In terms of genetic diversity, all three study species have been previously studied, but to different
extent. For the grey wolf and the brown bear, temporal comparisons have been possible to make with
modern populations, while the long extinct cave lion has been represented by much fewer samples, all
dated to the Late Pleistocene. Thus, a prerequisite for most of our analyses has been genetic data,
publicly
available
from
previous
studies
and
online
databases
like
GenBank
(www.ncbi.nlm.nih.gov/genbank/). The use of these datasets has also influenced the choice of
methods and genetic markers, which have been applied to produce matching data, whether of
mitochondrial or autosomal origin. This approach was specifically used for all studies except in Paper
26
III, where comparisons were also highly depending on the relatively abundant genomic data available
from modern canids.
The genetic markers have generally been targeting short mitochondrial sequences. This has imposed
certain restrictions on our produced data, especially limited resolution and support for phylogenetic
clades/haplogroups. In Paper II, where alignments of different sequence lengths were compiled, the
effects on the networks clearly illustrates this problem, as shorter sequences resulted in the merging of
haplotypes (see also Fig. 4). A similar effect can be seen when comparing the Bayesian phylogenies in
Paper II and Paper III, with significantly stronger support for the latter, based on full mitogenomes.
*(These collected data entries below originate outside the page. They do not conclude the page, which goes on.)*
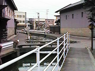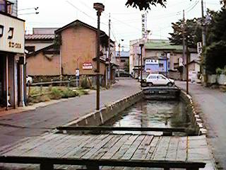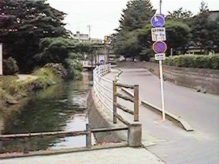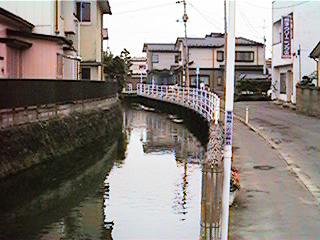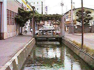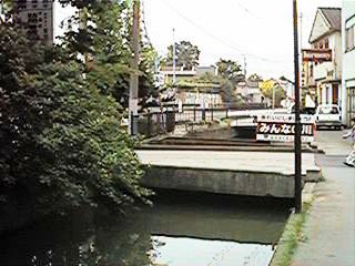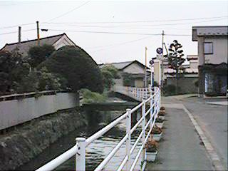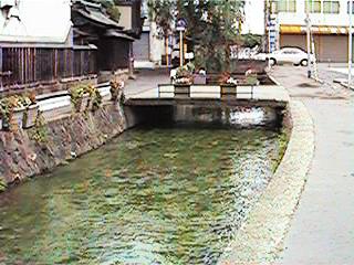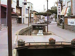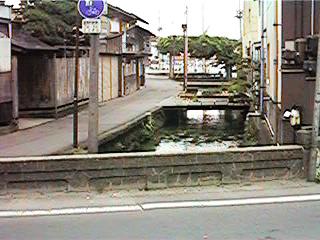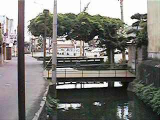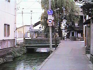 古中から北を見ます。緒絶川はここから上流へ続きます。ただし,通常街の人が緒絶川と呼ぶ場合,この辺からです。右の写真は古中前の橋から南へ続きます。今回は金毘羅様まで,通常緒絶川と呼ばれる範囲までの映像です。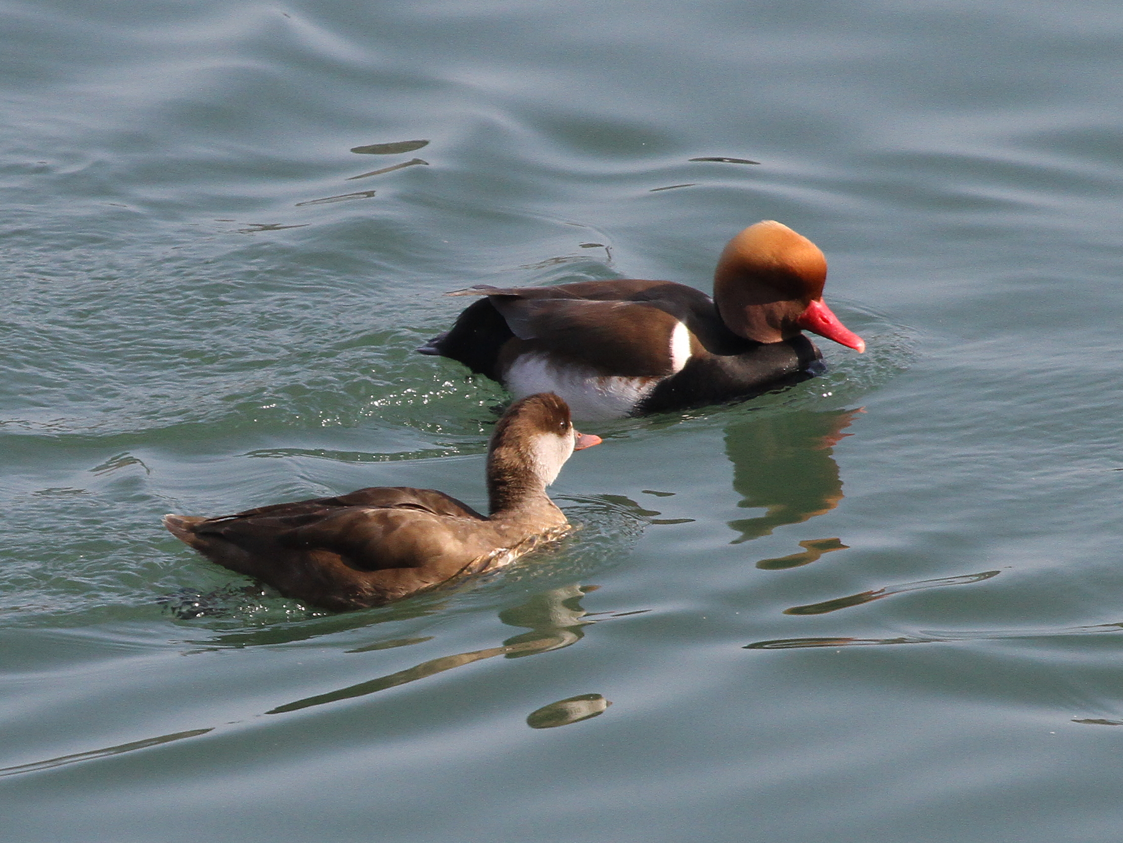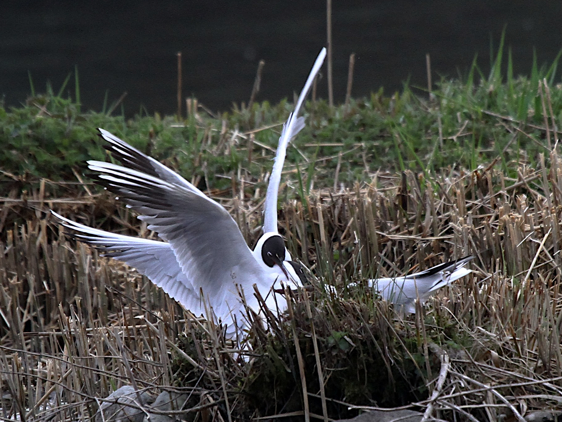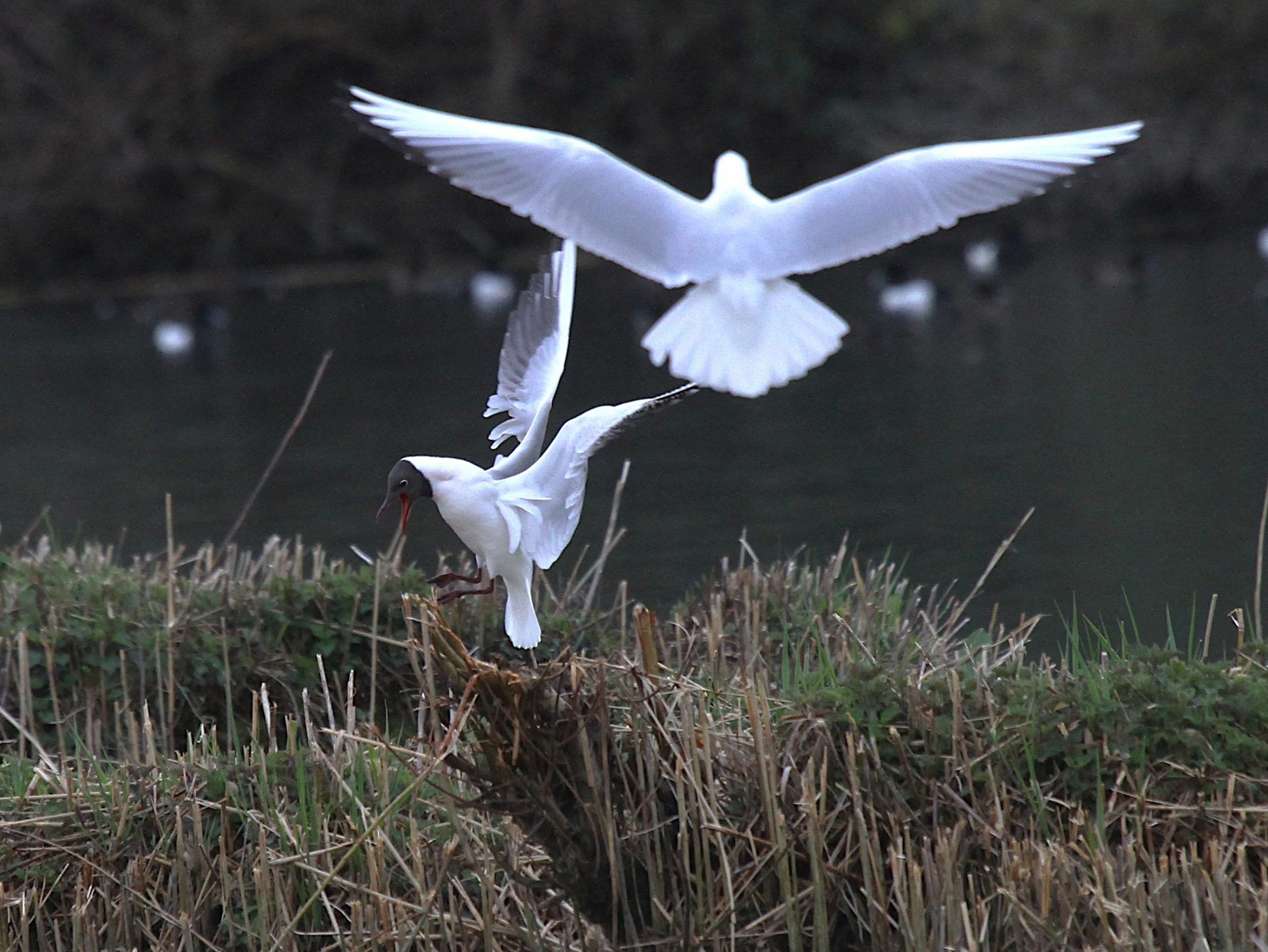 Les Nettes rousses femelles sont toujours suivies de leurs prétendants. Certaines semblent avoir trouvé un partenaire, comme la deuxième photo. Mais tout autour il règne une cacophonie assourdissante : les Mouettes rieuses sont en formation de couples. Ce sont des courses poursuites en plein ciel qui finissent sur leur petit ilôt. Ce sont des concerts de séduction, cou tendu, comme la quatrième photo. Jusqu’aux accouplements, comme en cinquième photo.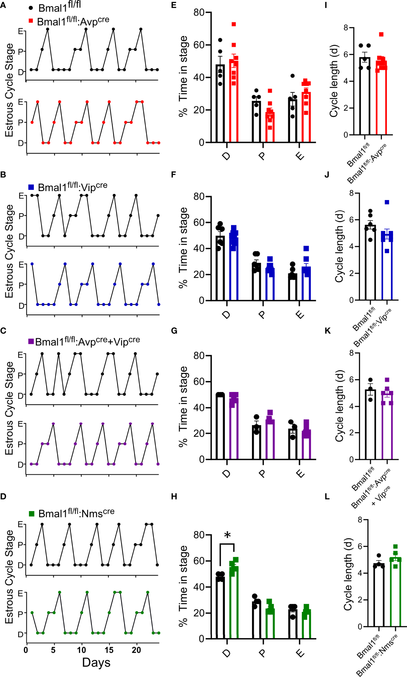 Loss of Bmal1 produces modest effects on estrous cyclicity in Bmal1fl/fl:Nmscre, but not other mutants. (A-D) Representative cycles over 24 days from Bmal1fl/fl:Avpcre, Bmal1fl/fl:Vipcre, Bmal1fl/fl:Avpcre+Vipcre, Bmal1fl/fl:Nmscre, with respective cohort Bmal1fl/fl control mice. Percentage time in each estrous stage, average cycle length for completed estrous cycles, and representative cycling graphs from in (E)Bmal1fl/fl:Avpcre (n = 5-8), (F)Bmal1fl/fl:Vipcre (n = 6-8) (G)Bmal1fl/fl:Avpcre+Vipcre (n = 3-6), and (H)Bmal1fl/fl:Nmscre (n = 4-5), analyzed by 2-way ANOVA and Sidak’s post hoc test. (I–L) Estrous cycle length (estrous to estrous) for each line, not significant by Student’s t-test. Significant values were (p ≤.05) are indicated by an asterisk (*).
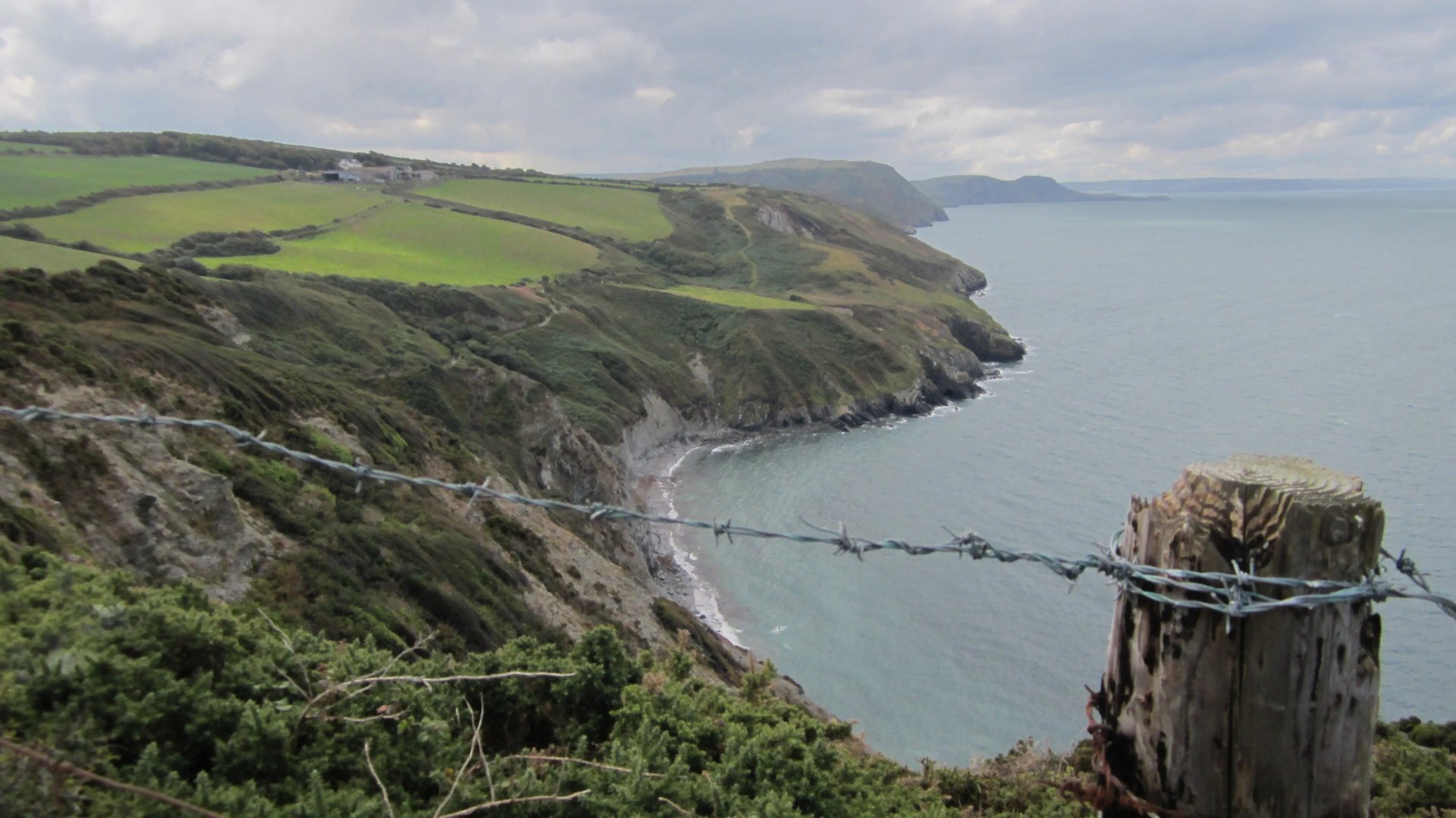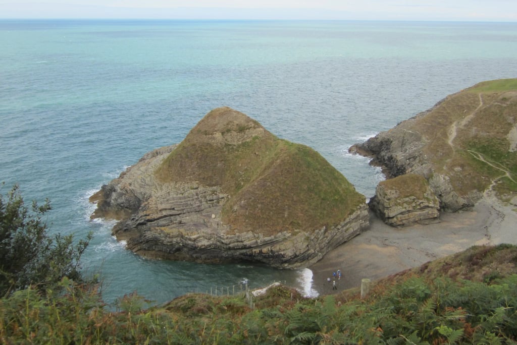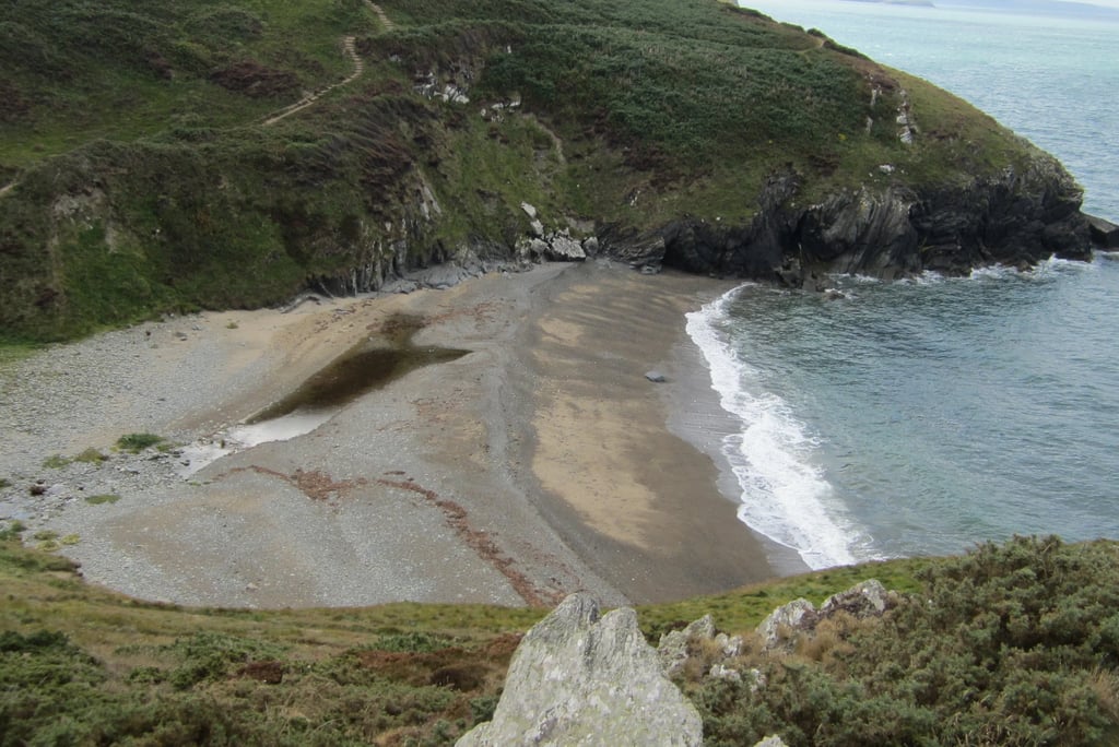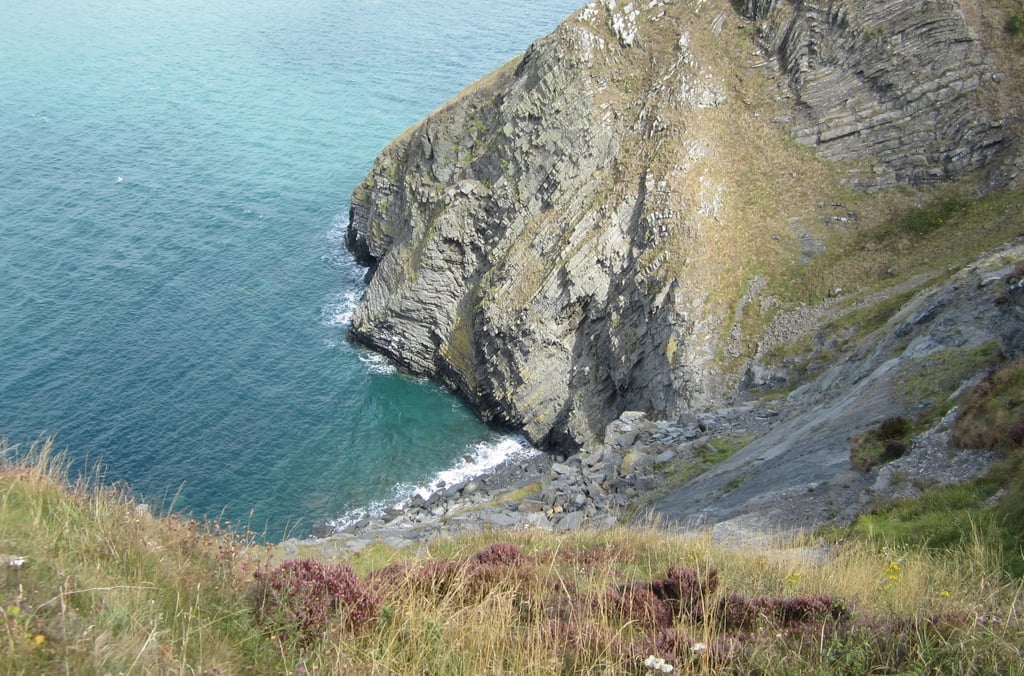 Auf und ab am Meer entlang, am Rand von steilen Kliffs, an die das Meer brandet, zwischen Heidegestrüpp und immer wieder Massen von Brombeersträuchern (eine immer wieder willkommene Erfrischung) hindurch schnaufe, klettere und stolpere ich die sieben Kilometer Küstenpfad begleitet von starkem Wind bis nach Cwmtydu hinab.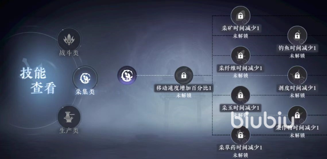 采集类也是如此,但主要增加的是和采集相关的技能,例如移动速度增加,采矿时间减少,采纤维时间减少,采玉时间减少等。学习了这些采集类技能,就可以在更短时间内获得资源。最后是生产类,生产指的是将采集获取到的资源,加工成装备或道具。主要增加的是背包负重值,武器制造时间减少,防具制造时间减少,首饰制造时间减少等。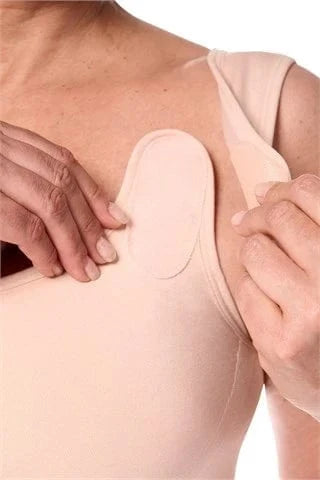 The Amoena Sina compression bra is pre-washed and ready for clinical use. The design with seamless technology and targeted knitting technique offers even, medical-grade medium-level compression. This support helps stabilize breast tissue and makes the bra ideal for use during the initial recovery period.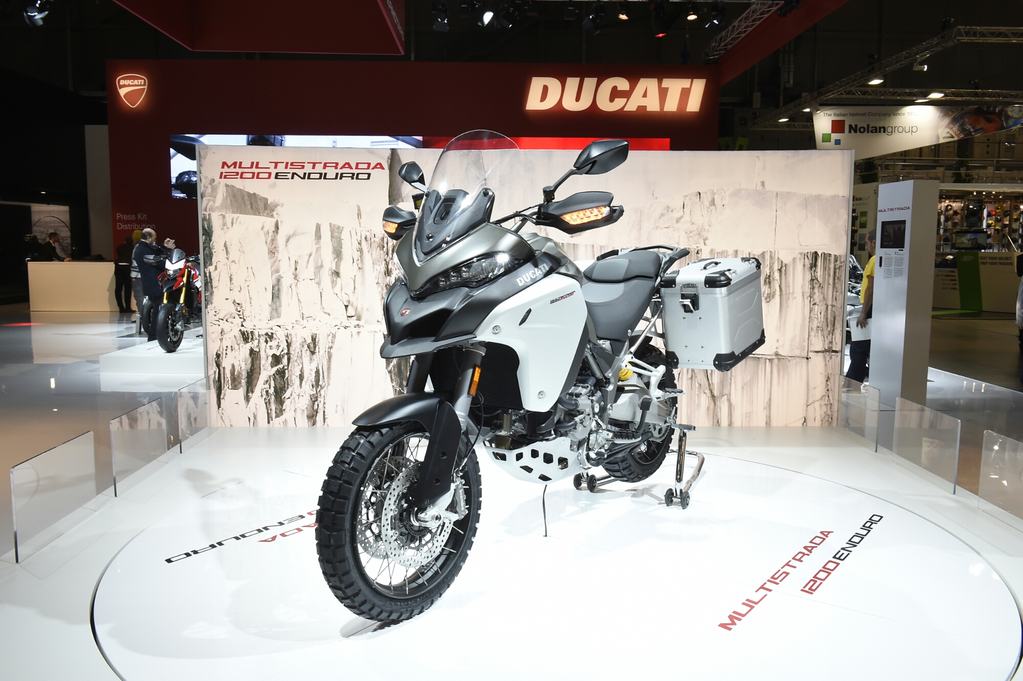 Al Motodays Ducati espone l’intera gamma 2016, ma è già prevedibile che la vera “regina” tra le moto esposte sarà la nuova Multistrada 1200 Enduro. L’ultima evoluzione della multibike di Borgo Panigale si presenta perfettamente declinata da globetrotter, pronta a sfidare e affrontare ogni tipo di terreno e di percorso, capace di aprire nuovi orizzonti per quanti amano l’esperienza del viaggio, l’emozione e il piacere di guida di una vera Ducati. Una moto completamente nuova, che a breve sarà disponibile nei Ducati Store di tutto il mondo e che in questa vetrina romana è presente nella versione accessoriata e nelle colorazioni Phantom Grey e Star White.

The use of genomic data also enabled analyses including hybridization, which was a necessary
component for establishing the relation of the Late Pleistocene wolf to modern canids (Paper III).
In spite of the restricted coverage achieved from short mtDNA sequences, these markers provided
sufficient data for many phylogeographic comparisons and estimates of population dynamics. The
output from the analyses was also highly affected by the species’ different behavior in terms of
dispersal. This is clearly exemplified by the global comparison of mtDNA diversity in wolves, which
showed little or no structure (Paper II), whereas brown bears, characterized by strong female
philopatry, displayed marked geographical patterns even on regional scales (Paper IV & V). Some
populations stood out as especially distinct among the study species and could be linked to specific
geographical regions, indicating long-term isolation. Examples were the Himalayan and Indian wolf
lineages (Sharma et al. 2004; Aggarwal et al. 2007) as well as the American lion (Panthera atrox)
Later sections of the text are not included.